- _Task statement_: Would you please transcribe the records below exactly, leaving out the pictures?

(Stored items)
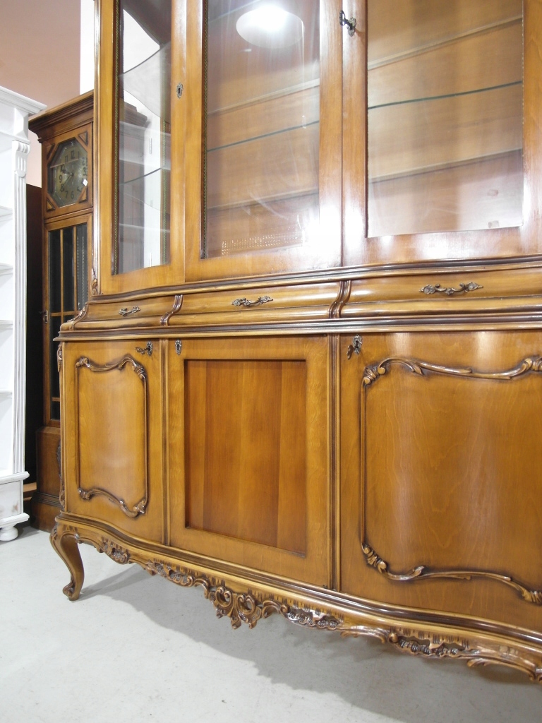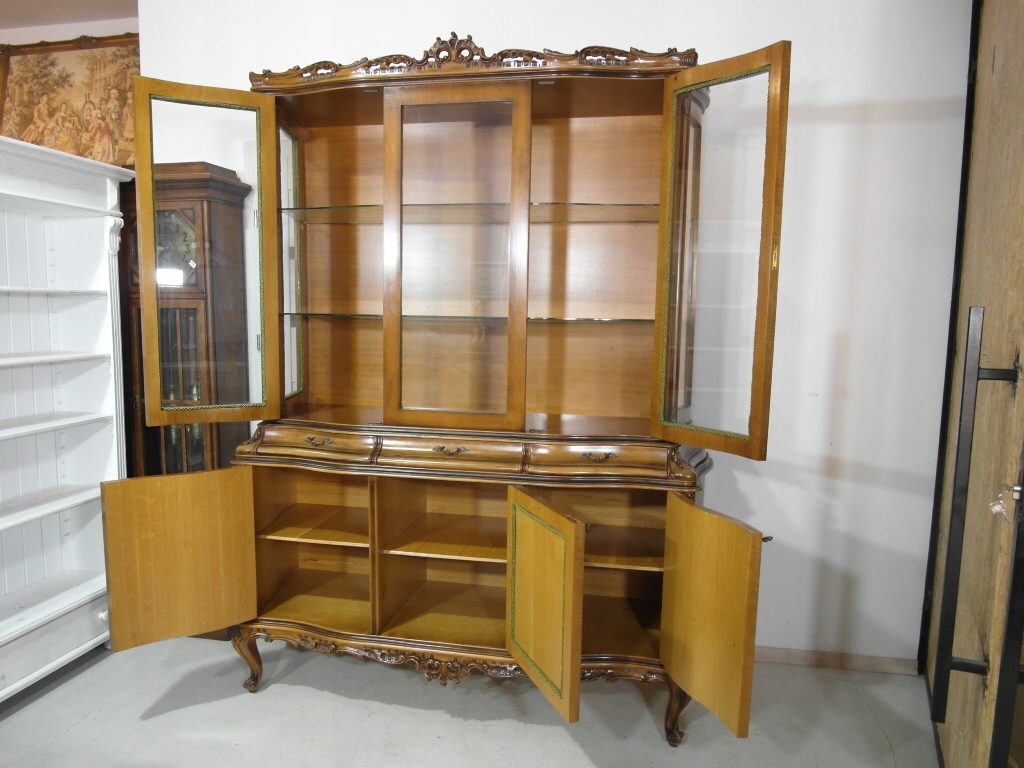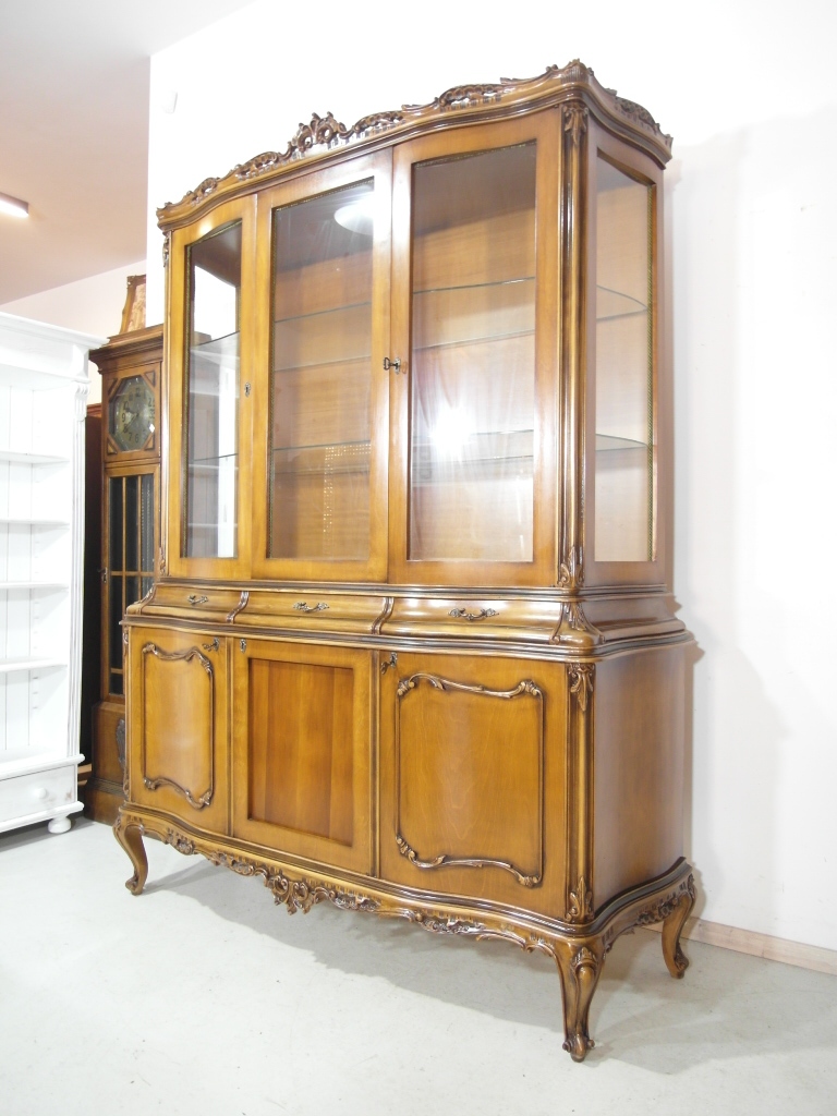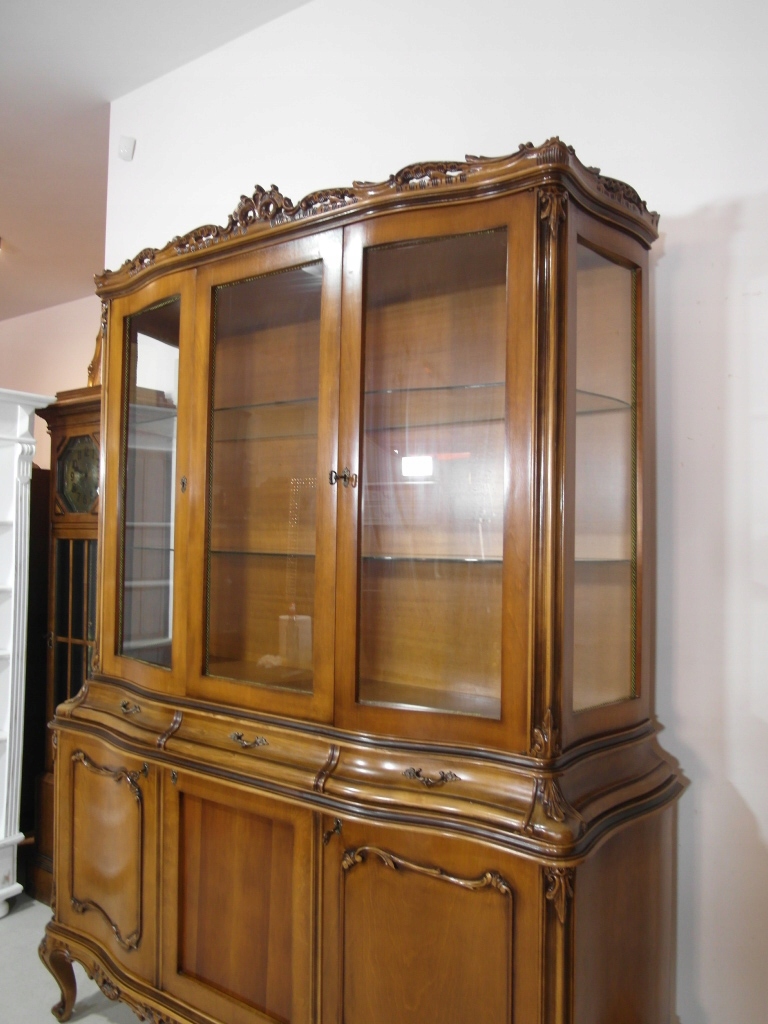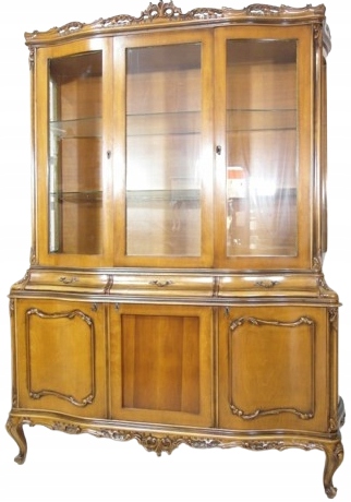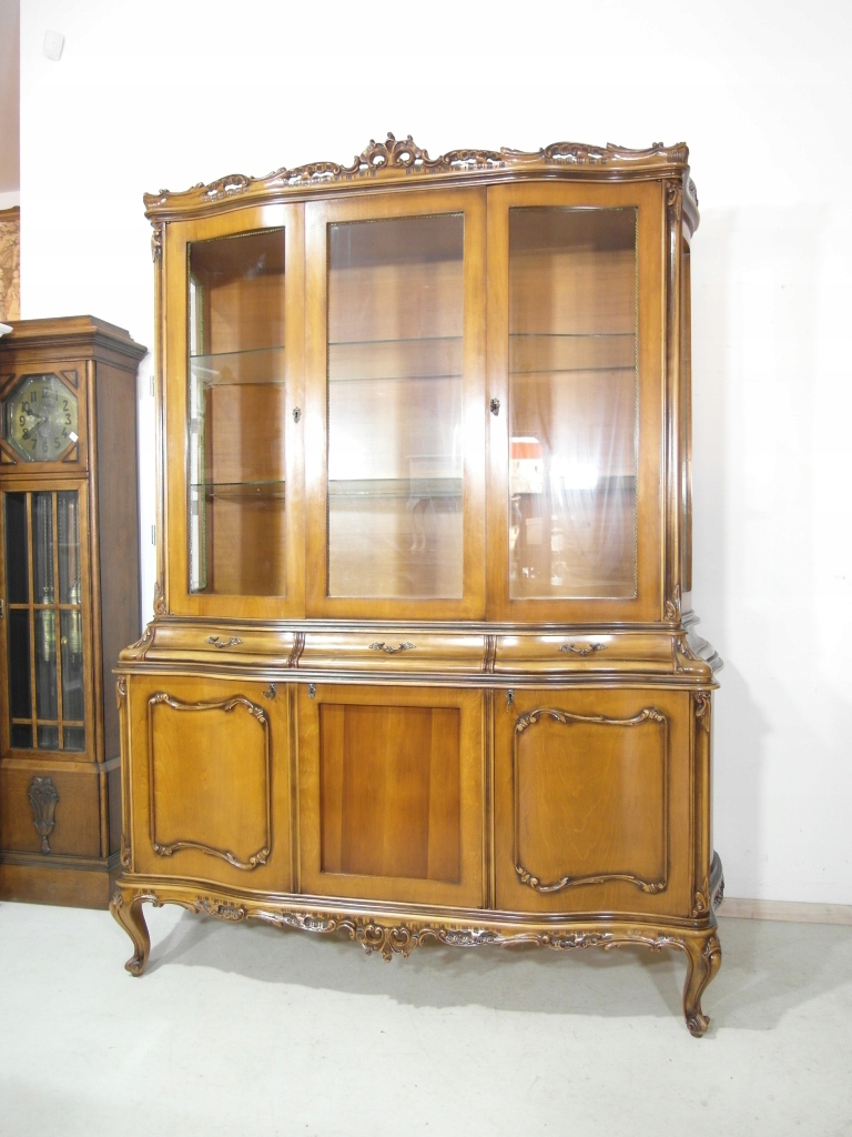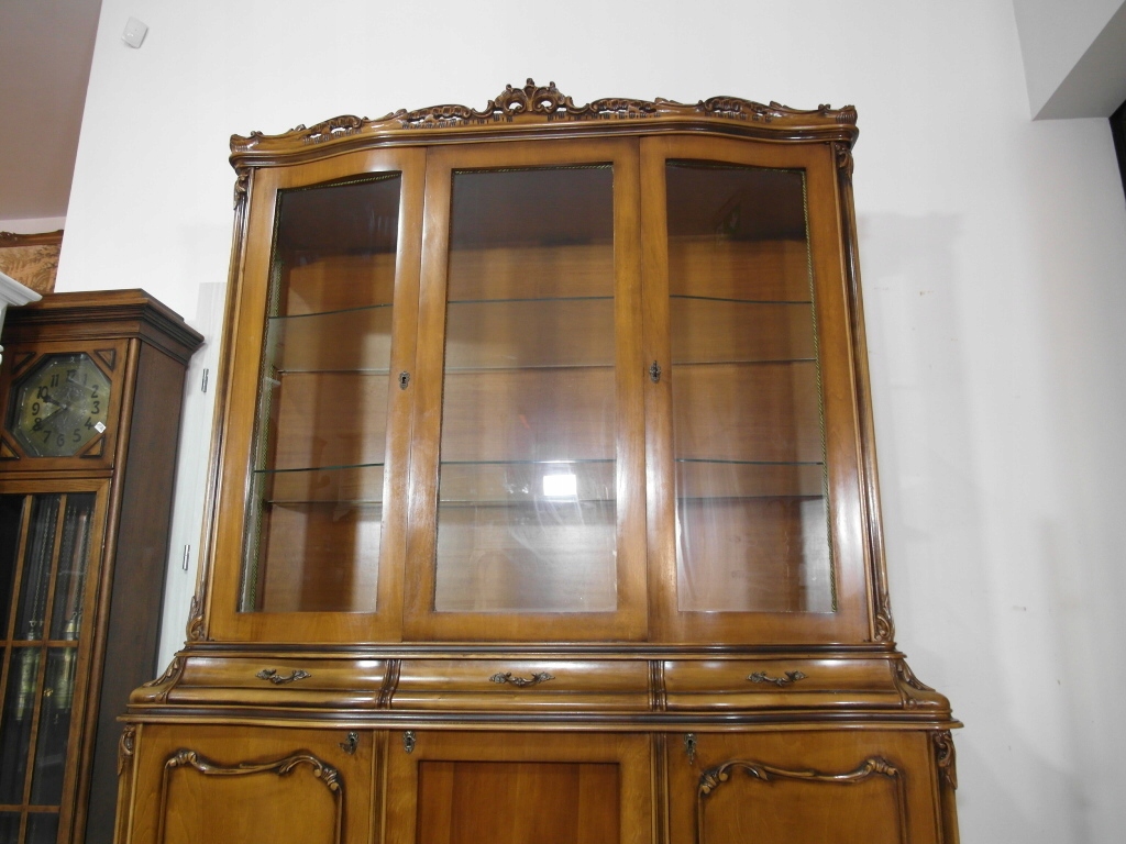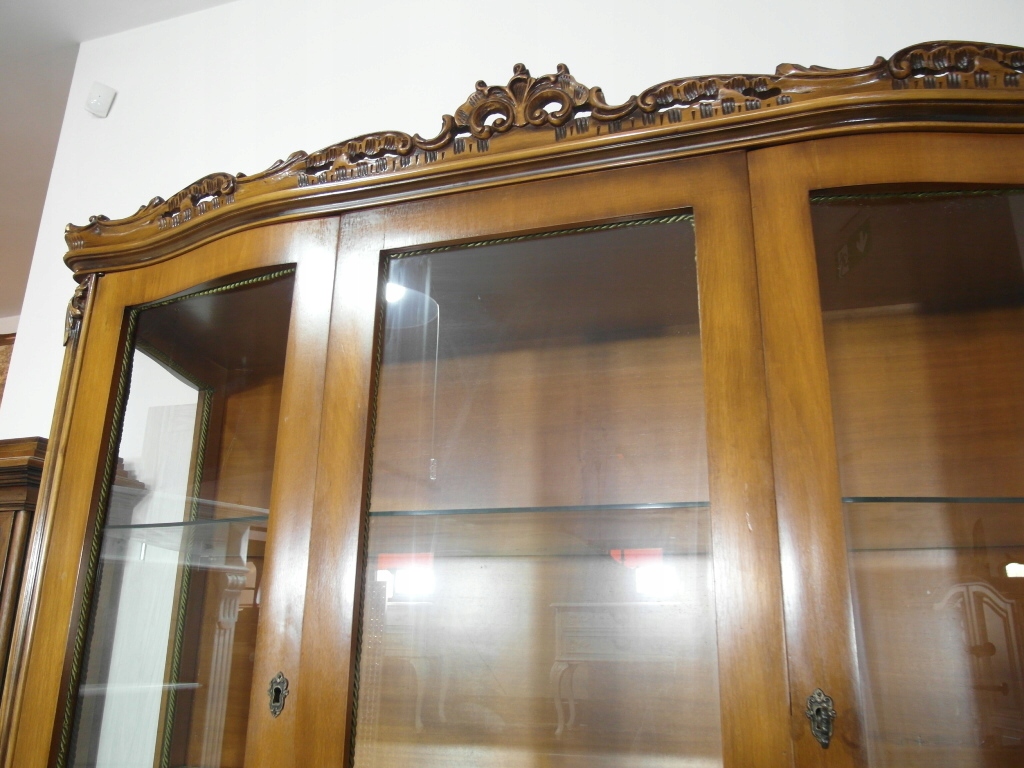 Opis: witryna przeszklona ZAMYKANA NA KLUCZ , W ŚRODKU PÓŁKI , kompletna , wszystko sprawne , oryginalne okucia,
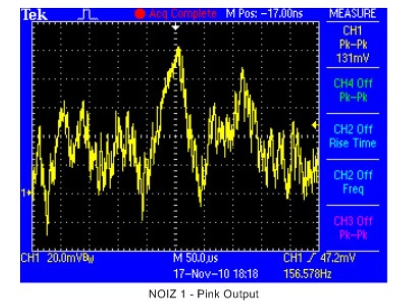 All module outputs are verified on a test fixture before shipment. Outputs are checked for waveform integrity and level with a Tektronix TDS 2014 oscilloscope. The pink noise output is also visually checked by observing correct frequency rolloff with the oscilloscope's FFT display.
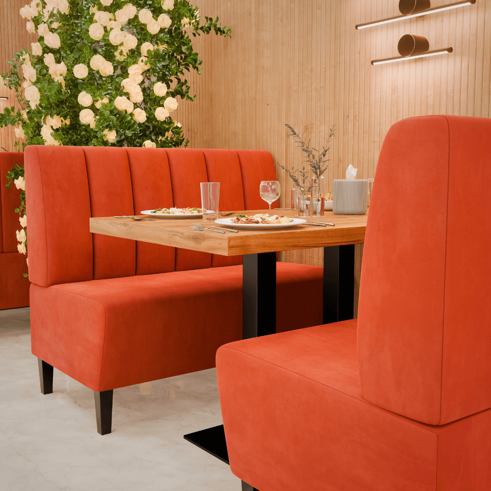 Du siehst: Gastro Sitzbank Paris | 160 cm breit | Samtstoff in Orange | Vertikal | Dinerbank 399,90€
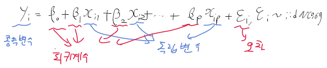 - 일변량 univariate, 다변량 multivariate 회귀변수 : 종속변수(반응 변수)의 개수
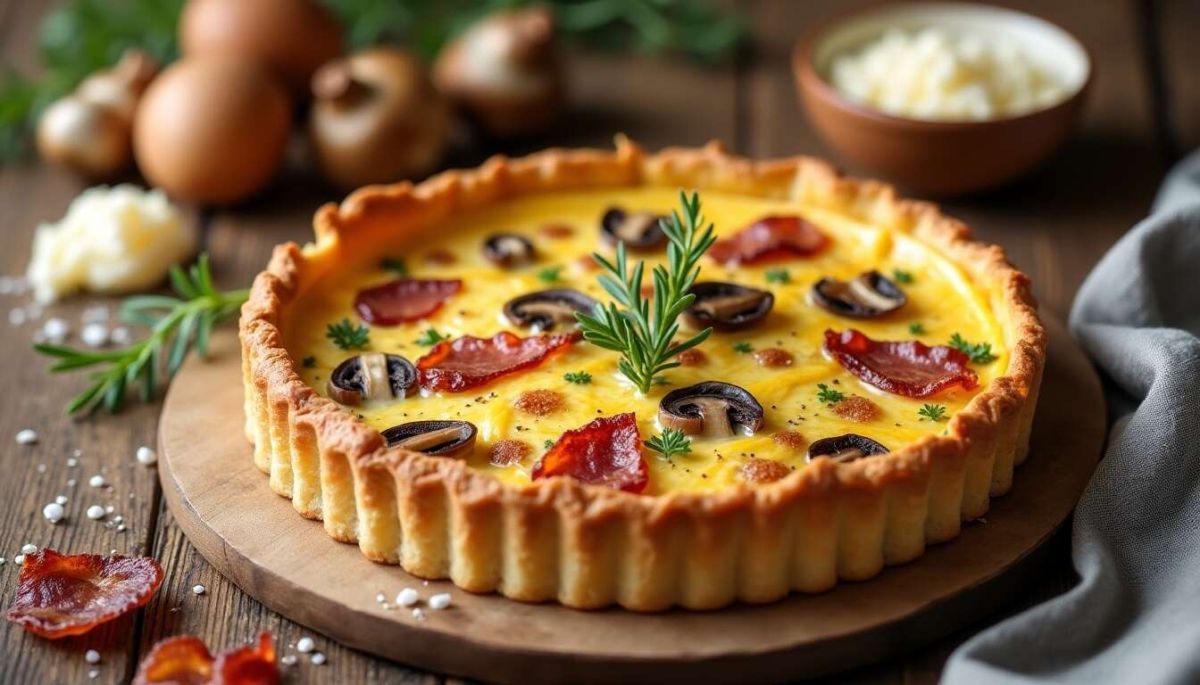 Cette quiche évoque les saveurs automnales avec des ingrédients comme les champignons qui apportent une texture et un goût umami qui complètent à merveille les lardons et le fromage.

- _Result of the task_:
 Opis: witryna przeszklona ZAMYKANA NA KLUCZ , W ŚRODKU PÓŁKI , kompletna , wszystko sprawne , oryginalne okucia,
 All module outputs are verified on a test fixture before shipment. Outputs are checked for waveform integrity and level with a Tektronix TDS 2014 oscilloscope. The pink noise output is also visually checked by observing correct frequency rolloff with the oscilloscope's FFT display.
 Du siehst: Gastro Sitzbank Paris | 160 cm breit | Samtstoff in Orange | Vertikal | Dinerbank 399,90€
 - 일변량 univariate, 다변량 multivariate 회귀변수 : 종속변수(반응 변수)의 개수
 Cette quiche évoque les saveurs automnales avec des ingrédients comme les champignons qui apportent une texture et un goût umami qui complètent à merveille les lardons et le fromage.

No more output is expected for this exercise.